-- Dataset records follows --

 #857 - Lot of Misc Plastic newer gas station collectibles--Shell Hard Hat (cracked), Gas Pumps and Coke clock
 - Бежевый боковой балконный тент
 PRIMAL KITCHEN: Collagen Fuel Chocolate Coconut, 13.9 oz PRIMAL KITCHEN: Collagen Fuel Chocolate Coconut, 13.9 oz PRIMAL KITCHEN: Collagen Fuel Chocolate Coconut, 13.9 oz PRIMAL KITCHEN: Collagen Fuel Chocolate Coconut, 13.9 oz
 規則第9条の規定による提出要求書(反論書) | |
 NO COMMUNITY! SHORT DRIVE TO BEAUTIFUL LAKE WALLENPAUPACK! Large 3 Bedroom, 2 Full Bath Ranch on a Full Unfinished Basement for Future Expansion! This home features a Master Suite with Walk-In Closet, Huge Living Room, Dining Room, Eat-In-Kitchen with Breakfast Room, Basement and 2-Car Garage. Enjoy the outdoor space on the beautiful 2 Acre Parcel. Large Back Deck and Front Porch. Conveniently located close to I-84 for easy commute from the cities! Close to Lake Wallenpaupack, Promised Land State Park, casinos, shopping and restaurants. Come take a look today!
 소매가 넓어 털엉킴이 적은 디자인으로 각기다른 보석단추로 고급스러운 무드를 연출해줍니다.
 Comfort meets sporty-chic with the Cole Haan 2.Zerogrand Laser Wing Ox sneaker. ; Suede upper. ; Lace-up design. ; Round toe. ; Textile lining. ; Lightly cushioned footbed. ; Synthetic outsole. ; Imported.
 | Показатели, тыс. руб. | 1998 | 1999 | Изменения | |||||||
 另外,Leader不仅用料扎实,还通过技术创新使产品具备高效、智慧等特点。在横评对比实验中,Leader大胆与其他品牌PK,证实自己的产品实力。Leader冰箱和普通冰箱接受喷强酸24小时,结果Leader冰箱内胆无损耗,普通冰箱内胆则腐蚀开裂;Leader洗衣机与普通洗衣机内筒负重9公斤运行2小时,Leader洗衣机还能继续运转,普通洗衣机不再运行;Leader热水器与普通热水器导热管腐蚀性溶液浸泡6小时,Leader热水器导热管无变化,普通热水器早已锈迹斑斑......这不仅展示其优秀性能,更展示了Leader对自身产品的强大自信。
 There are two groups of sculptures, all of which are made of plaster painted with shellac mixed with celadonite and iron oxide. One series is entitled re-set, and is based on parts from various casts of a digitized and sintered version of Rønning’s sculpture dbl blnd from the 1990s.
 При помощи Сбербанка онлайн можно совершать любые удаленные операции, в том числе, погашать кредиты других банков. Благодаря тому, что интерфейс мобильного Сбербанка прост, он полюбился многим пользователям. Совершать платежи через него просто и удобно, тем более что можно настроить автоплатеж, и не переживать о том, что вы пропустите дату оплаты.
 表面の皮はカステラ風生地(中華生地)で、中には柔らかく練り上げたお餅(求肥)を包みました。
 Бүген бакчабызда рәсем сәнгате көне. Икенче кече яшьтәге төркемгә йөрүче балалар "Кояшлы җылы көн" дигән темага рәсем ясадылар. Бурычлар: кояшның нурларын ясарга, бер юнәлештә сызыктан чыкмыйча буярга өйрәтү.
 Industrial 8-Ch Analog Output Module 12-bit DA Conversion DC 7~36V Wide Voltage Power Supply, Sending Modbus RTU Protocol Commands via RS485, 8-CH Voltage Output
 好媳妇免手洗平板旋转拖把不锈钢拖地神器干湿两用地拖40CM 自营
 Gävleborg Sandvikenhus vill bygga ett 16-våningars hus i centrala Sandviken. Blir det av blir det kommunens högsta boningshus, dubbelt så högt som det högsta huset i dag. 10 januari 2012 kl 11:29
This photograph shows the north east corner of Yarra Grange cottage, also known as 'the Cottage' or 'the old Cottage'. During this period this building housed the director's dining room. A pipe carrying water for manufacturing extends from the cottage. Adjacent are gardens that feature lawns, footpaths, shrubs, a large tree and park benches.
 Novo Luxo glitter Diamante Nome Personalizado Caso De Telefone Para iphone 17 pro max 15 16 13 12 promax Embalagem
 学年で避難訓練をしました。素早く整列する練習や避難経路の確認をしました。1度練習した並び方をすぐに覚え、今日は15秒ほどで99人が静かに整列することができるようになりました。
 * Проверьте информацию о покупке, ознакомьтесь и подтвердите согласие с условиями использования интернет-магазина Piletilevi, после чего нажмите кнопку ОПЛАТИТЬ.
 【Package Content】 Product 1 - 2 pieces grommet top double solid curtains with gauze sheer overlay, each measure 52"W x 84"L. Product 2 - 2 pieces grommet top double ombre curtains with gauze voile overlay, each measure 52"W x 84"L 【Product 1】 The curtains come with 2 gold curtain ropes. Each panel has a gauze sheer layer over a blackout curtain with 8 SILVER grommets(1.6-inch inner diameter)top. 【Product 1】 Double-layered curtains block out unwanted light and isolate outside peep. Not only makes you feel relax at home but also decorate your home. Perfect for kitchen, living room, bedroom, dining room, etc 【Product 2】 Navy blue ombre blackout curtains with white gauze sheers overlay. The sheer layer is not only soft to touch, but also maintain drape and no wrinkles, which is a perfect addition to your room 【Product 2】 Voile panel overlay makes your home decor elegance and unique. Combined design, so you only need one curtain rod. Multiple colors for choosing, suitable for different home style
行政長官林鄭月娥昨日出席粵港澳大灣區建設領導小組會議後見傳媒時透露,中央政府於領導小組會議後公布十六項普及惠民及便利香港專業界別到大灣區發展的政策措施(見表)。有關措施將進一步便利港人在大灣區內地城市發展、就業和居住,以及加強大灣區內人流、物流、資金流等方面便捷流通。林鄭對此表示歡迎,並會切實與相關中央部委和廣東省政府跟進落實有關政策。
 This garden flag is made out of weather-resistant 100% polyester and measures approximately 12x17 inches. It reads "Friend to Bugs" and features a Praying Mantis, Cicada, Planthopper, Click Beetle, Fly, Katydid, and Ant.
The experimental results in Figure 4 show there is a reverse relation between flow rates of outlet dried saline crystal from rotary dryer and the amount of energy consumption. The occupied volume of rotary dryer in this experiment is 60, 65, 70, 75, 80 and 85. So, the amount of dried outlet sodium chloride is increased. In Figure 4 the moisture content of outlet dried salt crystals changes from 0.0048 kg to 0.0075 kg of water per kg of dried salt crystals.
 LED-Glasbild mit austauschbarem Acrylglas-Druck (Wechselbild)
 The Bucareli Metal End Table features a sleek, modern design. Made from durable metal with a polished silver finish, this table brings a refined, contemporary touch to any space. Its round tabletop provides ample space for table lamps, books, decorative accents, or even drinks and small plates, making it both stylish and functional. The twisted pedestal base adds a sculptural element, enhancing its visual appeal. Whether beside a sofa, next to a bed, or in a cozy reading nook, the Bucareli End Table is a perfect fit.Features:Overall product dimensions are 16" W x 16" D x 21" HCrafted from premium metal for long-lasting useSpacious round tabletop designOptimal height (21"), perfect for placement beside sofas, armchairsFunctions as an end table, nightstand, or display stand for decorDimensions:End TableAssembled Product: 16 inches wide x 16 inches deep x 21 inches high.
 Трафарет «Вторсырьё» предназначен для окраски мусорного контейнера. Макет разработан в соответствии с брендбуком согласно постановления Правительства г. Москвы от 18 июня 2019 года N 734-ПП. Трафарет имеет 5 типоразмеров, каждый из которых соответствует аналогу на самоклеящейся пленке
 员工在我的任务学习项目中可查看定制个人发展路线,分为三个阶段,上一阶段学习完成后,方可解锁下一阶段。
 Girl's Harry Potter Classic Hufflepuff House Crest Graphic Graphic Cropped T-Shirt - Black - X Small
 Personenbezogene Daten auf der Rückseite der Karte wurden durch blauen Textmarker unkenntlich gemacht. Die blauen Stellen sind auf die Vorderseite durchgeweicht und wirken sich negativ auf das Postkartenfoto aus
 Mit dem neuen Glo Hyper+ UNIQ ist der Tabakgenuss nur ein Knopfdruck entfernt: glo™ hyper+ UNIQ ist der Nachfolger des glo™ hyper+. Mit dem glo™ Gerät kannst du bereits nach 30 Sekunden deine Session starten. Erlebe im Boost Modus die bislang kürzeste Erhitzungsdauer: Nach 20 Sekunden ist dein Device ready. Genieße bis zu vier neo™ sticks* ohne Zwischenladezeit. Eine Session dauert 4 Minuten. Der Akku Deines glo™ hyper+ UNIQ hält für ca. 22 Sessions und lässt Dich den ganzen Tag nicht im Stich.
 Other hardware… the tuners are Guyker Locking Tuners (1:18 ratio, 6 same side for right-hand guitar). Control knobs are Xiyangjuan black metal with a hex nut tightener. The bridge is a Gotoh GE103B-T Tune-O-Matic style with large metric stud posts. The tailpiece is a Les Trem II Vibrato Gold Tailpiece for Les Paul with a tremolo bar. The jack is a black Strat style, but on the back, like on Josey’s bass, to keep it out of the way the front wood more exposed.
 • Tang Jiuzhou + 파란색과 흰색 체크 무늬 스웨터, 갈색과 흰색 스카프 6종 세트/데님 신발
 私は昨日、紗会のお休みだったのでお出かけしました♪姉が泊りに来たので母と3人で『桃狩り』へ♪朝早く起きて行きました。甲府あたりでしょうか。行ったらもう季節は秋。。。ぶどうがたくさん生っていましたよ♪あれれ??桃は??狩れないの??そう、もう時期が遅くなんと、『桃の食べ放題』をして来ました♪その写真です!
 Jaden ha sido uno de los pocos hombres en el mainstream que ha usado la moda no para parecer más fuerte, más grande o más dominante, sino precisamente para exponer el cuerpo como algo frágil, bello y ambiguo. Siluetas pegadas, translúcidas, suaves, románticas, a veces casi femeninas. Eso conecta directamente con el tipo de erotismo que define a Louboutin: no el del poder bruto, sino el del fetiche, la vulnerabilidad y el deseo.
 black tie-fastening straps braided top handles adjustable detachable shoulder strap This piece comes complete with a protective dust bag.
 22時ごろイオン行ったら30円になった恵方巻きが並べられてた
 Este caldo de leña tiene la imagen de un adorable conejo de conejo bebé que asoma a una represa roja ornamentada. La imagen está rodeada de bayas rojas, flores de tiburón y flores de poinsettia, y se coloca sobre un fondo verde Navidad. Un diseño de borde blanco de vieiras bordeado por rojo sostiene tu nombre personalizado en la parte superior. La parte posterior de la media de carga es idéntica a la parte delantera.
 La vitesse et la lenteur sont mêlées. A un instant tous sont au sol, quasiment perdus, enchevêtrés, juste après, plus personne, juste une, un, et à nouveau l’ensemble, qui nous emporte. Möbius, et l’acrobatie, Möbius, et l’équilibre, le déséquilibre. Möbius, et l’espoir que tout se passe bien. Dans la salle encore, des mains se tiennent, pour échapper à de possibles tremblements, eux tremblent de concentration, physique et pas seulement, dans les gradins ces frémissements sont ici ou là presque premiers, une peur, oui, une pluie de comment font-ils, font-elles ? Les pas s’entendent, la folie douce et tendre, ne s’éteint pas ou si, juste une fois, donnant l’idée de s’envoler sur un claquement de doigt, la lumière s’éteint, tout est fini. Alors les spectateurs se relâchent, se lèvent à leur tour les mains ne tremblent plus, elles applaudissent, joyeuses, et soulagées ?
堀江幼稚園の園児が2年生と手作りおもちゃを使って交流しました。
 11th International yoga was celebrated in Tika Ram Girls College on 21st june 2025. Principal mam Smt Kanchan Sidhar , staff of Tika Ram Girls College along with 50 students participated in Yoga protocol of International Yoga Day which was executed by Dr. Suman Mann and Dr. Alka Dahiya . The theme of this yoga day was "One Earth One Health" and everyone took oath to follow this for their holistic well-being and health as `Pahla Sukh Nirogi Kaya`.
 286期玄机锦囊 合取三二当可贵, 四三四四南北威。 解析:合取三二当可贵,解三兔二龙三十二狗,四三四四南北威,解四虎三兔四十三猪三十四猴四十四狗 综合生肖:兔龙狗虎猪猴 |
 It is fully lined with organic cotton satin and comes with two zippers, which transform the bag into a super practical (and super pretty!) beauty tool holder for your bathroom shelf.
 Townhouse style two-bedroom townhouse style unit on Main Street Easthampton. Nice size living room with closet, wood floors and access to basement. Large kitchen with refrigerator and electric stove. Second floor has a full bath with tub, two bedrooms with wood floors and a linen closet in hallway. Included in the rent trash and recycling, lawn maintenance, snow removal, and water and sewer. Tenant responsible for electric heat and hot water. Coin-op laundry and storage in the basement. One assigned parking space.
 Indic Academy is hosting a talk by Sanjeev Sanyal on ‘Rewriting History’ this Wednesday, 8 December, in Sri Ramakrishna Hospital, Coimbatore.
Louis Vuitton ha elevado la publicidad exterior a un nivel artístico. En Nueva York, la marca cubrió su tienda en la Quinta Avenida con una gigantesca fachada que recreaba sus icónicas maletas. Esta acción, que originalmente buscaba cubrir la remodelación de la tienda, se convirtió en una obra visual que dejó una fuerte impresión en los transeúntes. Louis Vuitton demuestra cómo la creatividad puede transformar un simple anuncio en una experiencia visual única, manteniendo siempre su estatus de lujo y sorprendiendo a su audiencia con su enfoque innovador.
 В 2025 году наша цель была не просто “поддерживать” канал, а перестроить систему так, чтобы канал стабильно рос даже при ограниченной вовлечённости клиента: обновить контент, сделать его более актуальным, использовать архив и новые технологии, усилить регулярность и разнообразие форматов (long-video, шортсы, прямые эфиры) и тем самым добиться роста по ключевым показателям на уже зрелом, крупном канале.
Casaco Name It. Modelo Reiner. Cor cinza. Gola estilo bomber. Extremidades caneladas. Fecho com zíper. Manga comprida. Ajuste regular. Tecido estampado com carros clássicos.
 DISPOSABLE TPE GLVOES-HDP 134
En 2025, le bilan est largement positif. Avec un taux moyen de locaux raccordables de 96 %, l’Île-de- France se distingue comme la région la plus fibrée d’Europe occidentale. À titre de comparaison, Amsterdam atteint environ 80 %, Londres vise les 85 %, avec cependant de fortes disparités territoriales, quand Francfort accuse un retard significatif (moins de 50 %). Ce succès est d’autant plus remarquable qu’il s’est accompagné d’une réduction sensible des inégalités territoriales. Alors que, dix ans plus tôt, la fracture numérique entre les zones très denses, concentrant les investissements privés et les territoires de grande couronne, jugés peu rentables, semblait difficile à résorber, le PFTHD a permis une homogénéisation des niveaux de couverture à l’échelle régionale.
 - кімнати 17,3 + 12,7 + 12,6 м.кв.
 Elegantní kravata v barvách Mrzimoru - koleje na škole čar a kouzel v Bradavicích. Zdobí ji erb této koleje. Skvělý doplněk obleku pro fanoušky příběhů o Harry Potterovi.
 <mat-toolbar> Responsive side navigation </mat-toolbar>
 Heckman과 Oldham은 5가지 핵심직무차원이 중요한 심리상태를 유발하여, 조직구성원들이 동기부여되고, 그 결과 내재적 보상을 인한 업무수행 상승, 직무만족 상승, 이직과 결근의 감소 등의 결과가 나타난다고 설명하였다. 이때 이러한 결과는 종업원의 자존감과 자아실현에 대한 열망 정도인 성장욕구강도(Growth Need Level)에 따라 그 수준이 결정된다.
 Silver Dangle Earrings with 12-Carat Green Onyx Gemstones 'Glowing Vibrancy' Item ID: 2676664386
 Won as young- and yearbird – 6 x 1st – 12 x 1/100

-- Dataset records concluded --

Exact lines only, please: output the listing from the first line to the line with "소매가 넓어 털엉킴이", both included.

 #857 - Lot of Misc Plastic newer gas station collectibles--Shell Hard Hat (cracked), Gas Pumps and Coke clock
 - Бежевый боковой балконный тент
 PRIMAL KITCHEN: Collagen Fuel Chocolate Coconut, 13.9 oz PRIMAL KITCHEN: Collagen Fuel Chocolate Coconut, 13.9 oz PRIMAL KITCHEN: Collagen Fuel Chocolate Coconut, 13.9 oz PRIMAL KITCHEN: Collagen Fuel Chocolate Coconut, 13.9 oz
 規則第9条の規定による提出要求書(反論書) | |
 NO COMMUNITY! SHORT DRIVE TO BEAUTIFUL LAKE WALLENPAUPACK! Large 3 Bedroom, 2 Full Bath Ranch on a Full Unfinished Basement for Future Expansion! This home features a Master Suite with Walk-In Closet, Huge Living Room, Dining Room, Eat-In-Kitchen with Breakfast Room, Basement and 2-Car Garage. Enjoy the outdoor space on the beautiful 2 Acre Parcel. Large Back Deck and Front Porch. Conveniently located close to I-84 for easy commute from the cities! Close to Lake Wallenpaupack, Promised Land State Park, casinos, shopping and restaurants. Come take a look today!
 소매가 넓어 털엉킴이 적은 디자인으로 각기다른 보석단추로 고급스러운 무드를 연출해줍니다.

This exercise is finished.